12/08/2011

À sete notas. [Ensaio I]


A vida é uma sucessão contínua de oportunidades.
(Gabriel García Marquez)


I
Dó ♫

Aquela prosopopeia da correnteza embalava os sonhos de Penélope que era, desde tenra idade, uma condenada que conhecia todas as formas de fuga, porque teve de aprender a fugir de si mesma em virtude da sua forte empatia com o espelho. A vaidade ajudava a conhecer os extremos; o que valeria a pena efetivamente. Mas Penélope era sensível. Essa conjunção adversativa persuadia a sua alma a jubilar diante da maravilha do desenho de verbos efêmeros. Efemeridade, codinome: paixão.
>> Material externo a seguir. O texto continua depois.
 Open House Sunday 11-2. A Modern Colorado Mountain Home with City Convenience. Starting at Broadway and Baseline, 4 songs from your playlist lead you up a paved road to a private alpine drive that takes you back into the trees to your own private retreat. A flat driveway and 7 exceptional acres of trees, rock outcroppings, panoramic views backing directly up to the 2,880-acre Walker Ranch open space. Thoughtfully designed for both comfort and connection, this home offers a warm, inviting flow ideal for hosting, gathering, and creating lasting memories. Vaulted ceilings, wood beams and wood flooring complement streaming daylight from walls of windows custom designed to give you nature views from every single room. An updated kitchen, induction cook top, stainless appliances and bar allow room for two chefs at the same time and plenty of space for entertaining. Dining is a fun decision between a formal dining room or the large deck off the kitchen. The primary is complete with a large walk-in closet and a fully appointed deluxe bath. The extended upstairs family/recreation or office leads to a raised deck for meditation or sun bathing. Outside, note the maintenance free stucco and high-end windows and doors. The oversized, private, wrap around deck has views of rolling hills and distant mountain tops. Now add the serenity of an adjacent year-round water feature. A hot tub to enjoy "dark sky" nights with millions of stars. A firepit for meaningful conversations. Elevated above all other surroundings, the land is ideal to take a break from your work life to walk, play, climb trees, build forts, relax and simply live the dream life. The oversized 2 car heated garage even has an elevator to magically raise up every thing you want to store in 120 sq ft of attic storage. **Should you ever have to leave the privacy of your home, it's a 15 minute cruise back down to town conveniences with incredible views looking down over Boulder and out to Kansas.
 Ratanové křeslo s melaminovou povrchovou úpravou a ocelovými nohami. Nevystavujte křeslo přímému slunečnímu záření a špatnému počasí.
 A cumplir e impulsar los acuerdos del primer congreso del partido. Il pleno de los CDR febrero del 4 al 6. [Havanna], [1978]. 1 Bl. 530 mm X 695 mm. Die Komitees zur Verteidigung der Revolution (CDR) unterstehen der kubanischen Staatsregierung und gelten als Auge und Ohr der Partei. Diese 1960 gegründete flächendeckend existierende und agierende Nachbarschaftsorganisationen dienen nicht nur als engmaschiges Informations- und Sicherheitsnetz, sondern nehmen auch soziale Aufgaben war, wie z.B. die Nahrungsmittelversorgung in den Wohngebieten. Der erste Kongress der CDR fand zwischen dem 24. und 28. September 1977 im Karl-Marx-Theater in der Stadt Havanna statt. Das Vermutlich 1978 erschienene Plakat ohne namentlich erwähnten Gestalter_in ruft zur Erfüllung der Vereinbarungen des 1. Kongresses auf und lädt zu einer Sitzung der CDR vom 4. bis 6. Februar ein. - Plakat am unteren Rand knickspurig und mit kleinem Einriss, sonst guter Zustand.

O rio proporcionava entendimento silenciado pelo olhar severo da guria. Porque ela nunca aprendeu a perguntar; desconhecia interrogações porque confiava demasiado na umidade ocular e no movimento das gargantas. São máscaras desnecessárias, pensava ela, porque não desmentiam culpa alguma. Ao contrário: vociferavam com certa altivez a verdade para o momento. Isso: ela também se deleitava colorindo o seu céu com paradoxos antitéticos. Ela não era má pessoa; só precisava de um amor que não encontrava entre suas equações. Então, optou pelo plural como exercício. Seus rapazes nunca a conheceram. Talvez por conta de seu rosto sem espinhas ou por seu frenesi mental.
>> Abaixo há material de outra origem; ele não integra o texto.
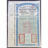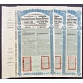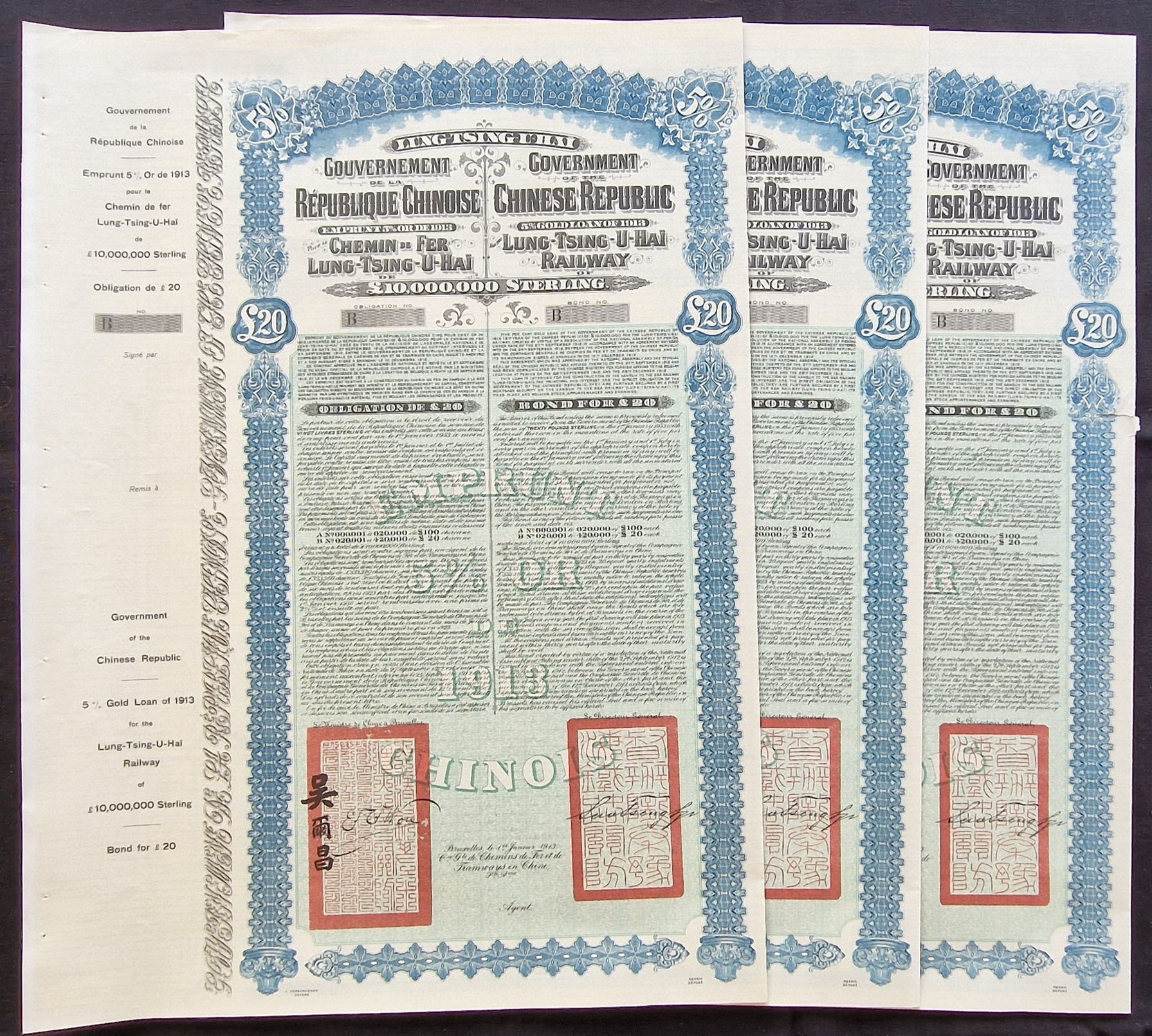 China: 1913 Lung Tsing U Hai Railway 5% Gold Loan, a group of 3 unissued £20 bonds, large format, blue, not numbered, with counterfoil. One with tear at right edge otherwise uncirculated (3).
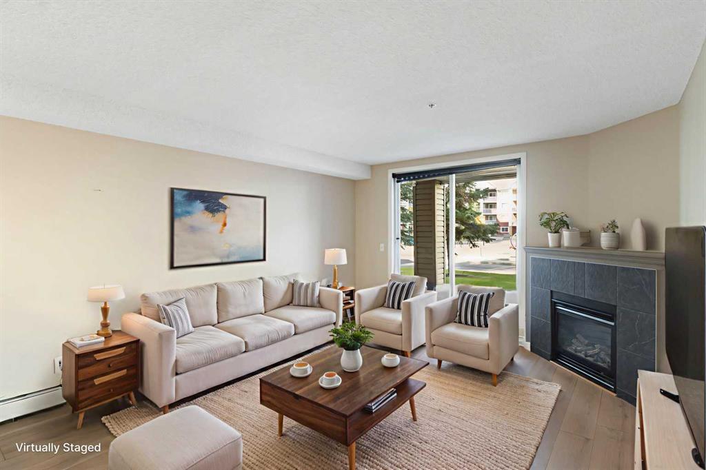 Welcome to this inviting main floor condo in the heart of McKenzie Towne, perfectly refreshed with new paint throughout and ready for its next owner. Offering a smart and functional layout, this 2-bedroom, 1-bath unit combines comfort and convenience with all the features you’ve been looking for. Step inside and you’ll appreciate the open concept design, with laminate flooring carrying through the main living areas. The kitchen offers plenty of workspace, complete with maple cabinetry, a tiled backsplash, black appliances, and both a raised eating bar and breakfast counter—perfect for casual meals or entertaining friends. The spacious dining room easily accommodates a full table, while the adjoining family room is anchored by a cozy corner gas fireplace. From here, sliding patio doors lead to your private patio, making it easy to enjoy summer evenings or walk a pet. The primary bedroom features a walk-in closet for excellent storage, while the large in-suite laundry and storage room adds function and convenience. A well-appointed 4-pc bathroom completes the space. This unit also comes with titled underground parking, keeping your vehicle secure and out of the elements year-round. The location is a highlight—you’ll love being steps from the shops, restaurants, and services of 130th Avenue, with easy access to both Stoney Trail and Deerfoot Trail for commuting or weekend getaways. McKenzie Towne is known for its walkable, community-focused design, with tree-lined streets, pathways, and excellent amenities right at your doorstep. Whether you’re a first-time buyer, downsizer, or investor, this refreshed home offers incredible value in one of Calgary’s most desirable southeast communities.
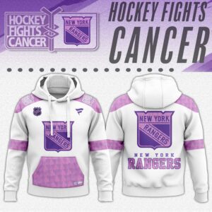 New York Rangers x Hockey Fights Cancer White Unisex Hoodie Cap Joggers Set 2024/25 HCJ1346
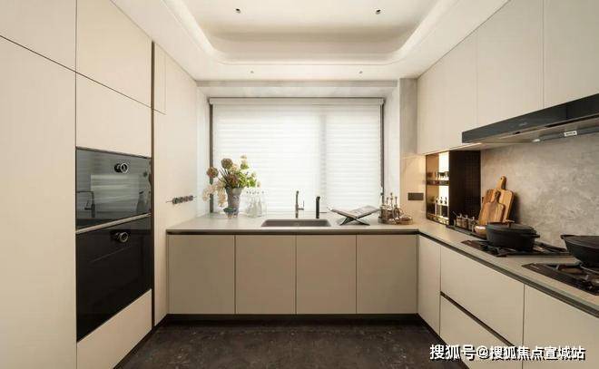 厨房内竹纹夹丝玻璃门、威乃达坡璃烤漆橱柜、与卡拉拉金大岩板台面相融,同时嘉格纳十件套满足每一种味蕾的偏好,厨房内,灶台/油烟机/洗机/冰箱(独立分体设计)五件套;向外,嘉格纳咖啡机/暖碟机/酒柜/烤箱/蒸箱等西厨五件套配置,构筑中西共融的烹饪场域。
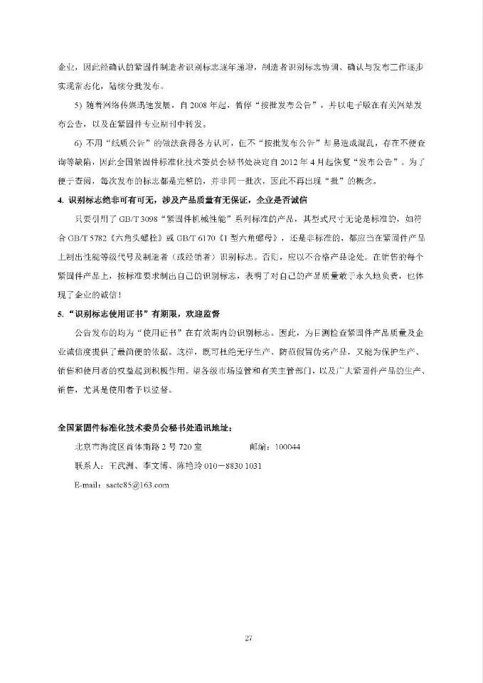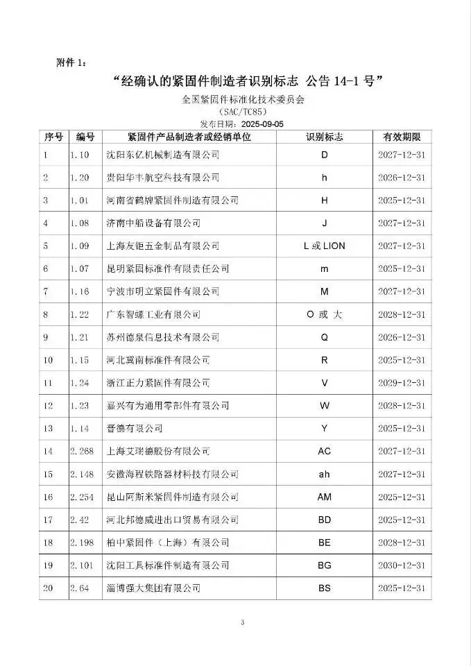 友友们,做紧固件生意的、采购相关产品的,都来凑个热闹!2025年9月5日,全国紧固件标准化技术委员会发了个超重要的公告——《经确认的紧固件制造者识别标志公告14-1号》,简单说就是给行业里的企业发"官方身份证"啦!
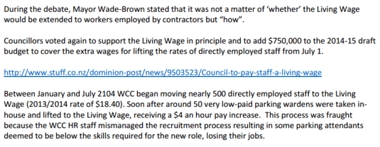 The report was my source for the Wellington Parking wardens not being rehired after their jobs were upgraded to a living wage job. The jobs were taken in house as a legal subterfuge to get around the inability to pay them the living wage when they are employed by Parkwise, a council contractor. The Local Government Act requires value for money to be secured if you pay more for a service.
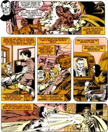 Kristoff would free himself with the aid of a Doombot sent to kidnap Franklin Richards, son of Mister Fantastic and the Invisible Woman,[6] by the recently resurrected Dr. Doom. Doom wanted to use Franklin as a bargaining chip for the soul of his mother which was held captive by Mephisto. Although still a child of about four or five, Franklin had powerful psychic powers which had enabled him to defeat Mephisto in a previous encounter.[7] This time, Doom's power inhibitors prevented Franklin from fighting the demon, who agreed to the bargain. But at that very moment, Kristoff, in full armor, burst in with an army of Doombots and challenged Doom, whom he thought to be an impostor.
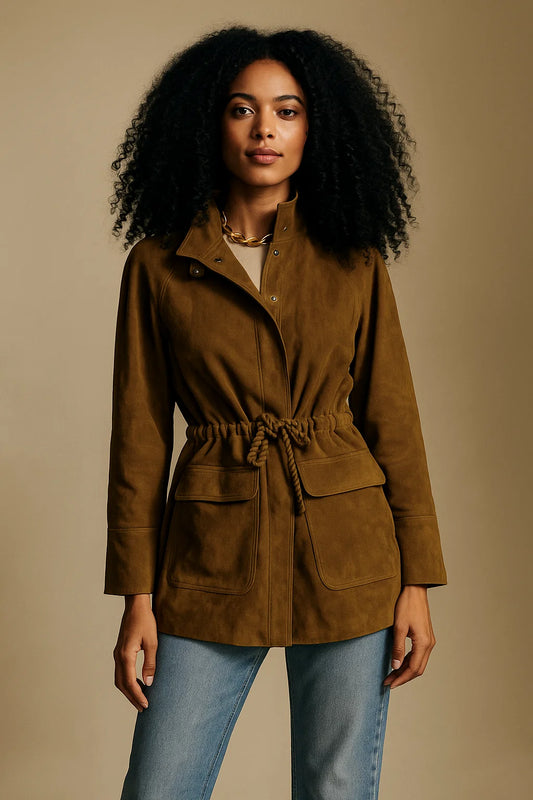 Veste Femme | Cuir Suédé | Cuir De Chèvre Ceinturé Style Saharienne

Um rapaz distinto fora apresentado a Penélope entre claves desgovernadas criadas por ela. Hector era a personificação da cortesia combinada com sua timidez. Ela não o conhecia, mas ele já ouvira falar acerca dela. Eram dois estranhos e o tempo não solucionou o problema.
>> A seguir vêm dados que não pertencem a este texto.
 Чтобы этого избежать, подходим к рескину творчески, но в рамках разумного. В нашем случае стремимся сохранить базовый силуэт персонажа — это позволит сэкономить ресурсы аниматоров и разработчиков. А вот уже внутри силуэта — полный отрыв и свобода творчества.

Houve um intervalo para que ambos amadurecessem suas próprias ideias e ideais. Penélope permanecia em sua rehab amorosa, porque a desconfiança fora sua droga. Seu coração era afável, mas tinha mente severa. Hector buscava, em contrapartida, a desordem para sua paz. E, de certa forma, conseguiu.
Hector amava Penélope, mas era um amor consciente demais para ser sacramentado. Inspirava insubstancialidade porque ele dessubstantivizou o verbo. Penélope não tinha a destreza do chistoso rapaz para conjugar verbos, mas ela sorria. Havia a beleza da distância física para que eles aprendessem a conhecer o sabor da palavra. Entretanto, Penélope queria sinestesia; ele, gradação.
Hector transcendia de um encanto epidêmico para o cavalheirismo hereditário. Era costume. Nada comparado à hipérbole do corpo que se opunha a fragilidade de sua voz. O universo dele era descrito na ponta do lápis e seus rabiscos contavam sua história. Ele sentia atração pela graça das abençoadas cortesãs, mas cultuava o matrimônio. Ele sempre soube como se distrair. O gaiato tinha caligrafia de um gentleman e a voz de um Ministro. Estava no sangue. Ele tinha todas as armas e desarmou-se; todas as palavras, mas calou-se. Tinha tudo, mas era conto.
Era mais simples antes de Penélope porque ela não era normal. Ela não permitia que ele a conhecesse porque sabia que seria em vão; que ele já estava dentro demais para ridicularizar a história. Ele perguntava demais. Muito embora fosse cômodo negar, Penélope não resistia à própria sinceridade: ela o amava. Ela vivera, efetivamente, um amor limpo e purificado pela maldade de não consumá-lo. Ela hesitava em vê-lo porque ele não a poderia tocar porquanto estava fascinado pela alegoria da ficção e ambos atuavam como dois apaixonados, desesperados de saudade. Do que nunca viveram.